■ GIVEN INFORMATION ■
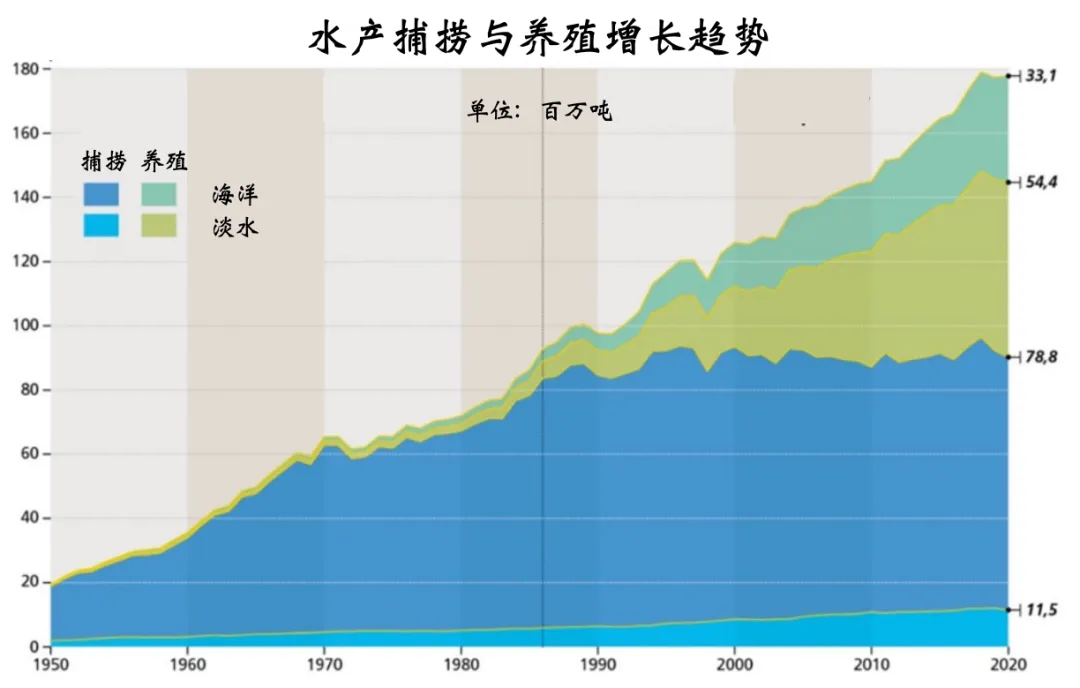 图1:全球渔业和水产养殖趋势(1950-2020年)数据来源:联合国粮食及农业组织
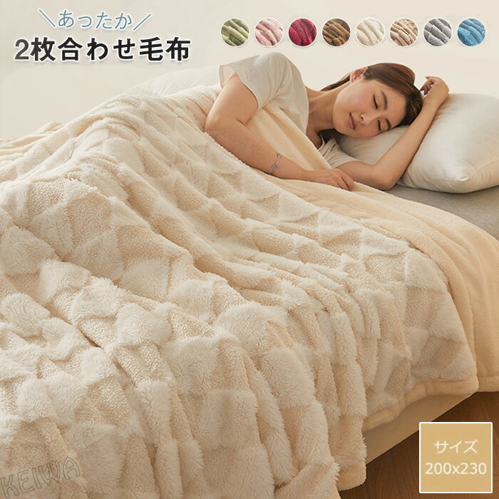 毛布 2枚合わせ毛布 ブランケット キング もうふ 冬 あったか 吸湿発熱 掛け毛布 ふわふわ 柔らかく肌触り マイクロファイバー 防寒 暖かい おしゃれ 北欧 洗える 寒さ対策 秋 冬用 寝具 200×230cm
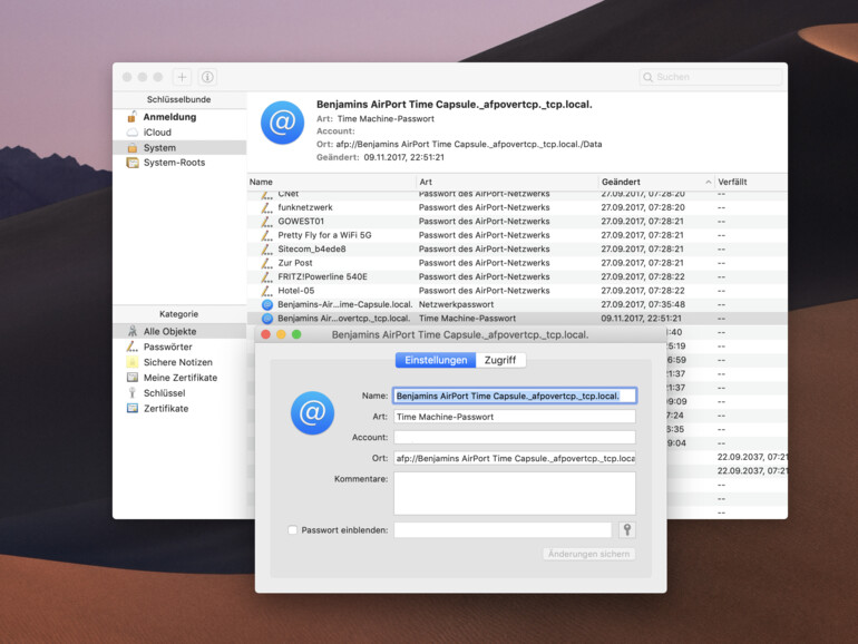 Sollten Sie hingegen keine Zugriff mehr auf die Festplatte haben, dann halten Sie in der Schlüsselbundverwaltung nach Ihrer Basisstation Ausschau. Achten Sie dabei jedoch auf die Art. Diese lautet für die Festplatte nämlich „Time Machine-Passwort“, kann aber auch „AirPort Festplatten-Passwort“ lauten. Doppelklicken Sie nun auf die Basisstation und setzen Sie einen Haken vor „Passwort einblenden“. Geben Sie wieder die Administratorendaten des Macs ein und schon wird Ihnen das Passwort eingeblendet.
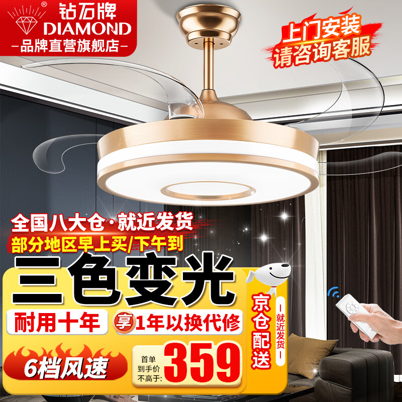 钻石牌(DIAMOND) 吊扇灯 隐形风扇灯led餐厅客厅卧室吊灯饰 现代简约电扇灯吸顶带灯吊扇 42吋金色圆中圆-6档遥控-正反转功能价格:419.00元!

■ ACTIVITY ■
Find the line with "毛布 2枚合わせ毛布 ブランケット" in the listing above, then write it out along with every later line through the last one, exactly, omitting pictures.

■ SOLVED EXERCISE ■
 毛布 2枚合わせ毛布 ブランケット キング もうふ 冬 あったか 吸湿発熱 掛け毛布 ふわふわ 柔らかく肌触り マイクロファイバー 防寒 暖かい おしゃれ 北欧 洗える 寒さ対策 秋 冬用 寝具 200×230cm
 Sollten Sie hingegen keine Zugriff mehr auf die Festplatte haben, dann halten Sie in der Schlüsselbundverwaltung nach Ihrer Basisstation Ausschau. Achten Sie dabei jedoch auf die Art. Diese lautet für die Festplatte nämlich „Time Machine-Passwort“, kann aber auch „AirPort Festplatten-Passwort“ lauten. Doppelklicken Sie nun auf die Basisstation und setzen Sie einen Haken vor „Passwort einblenden“. Geben Sie wieder die Administratorendaten des Macs ein und schon wird Ihnen das Passwort eingeblendet.
 钻石牌(DIAMOND) 吊扇灯 隐形风扇灯led餐厅客厅卧室吊灯饰 现代简约电扇灯吸顶带灯吊扇 42吋金色圆中圆-6档遥控-正反转功能价格:419.00元!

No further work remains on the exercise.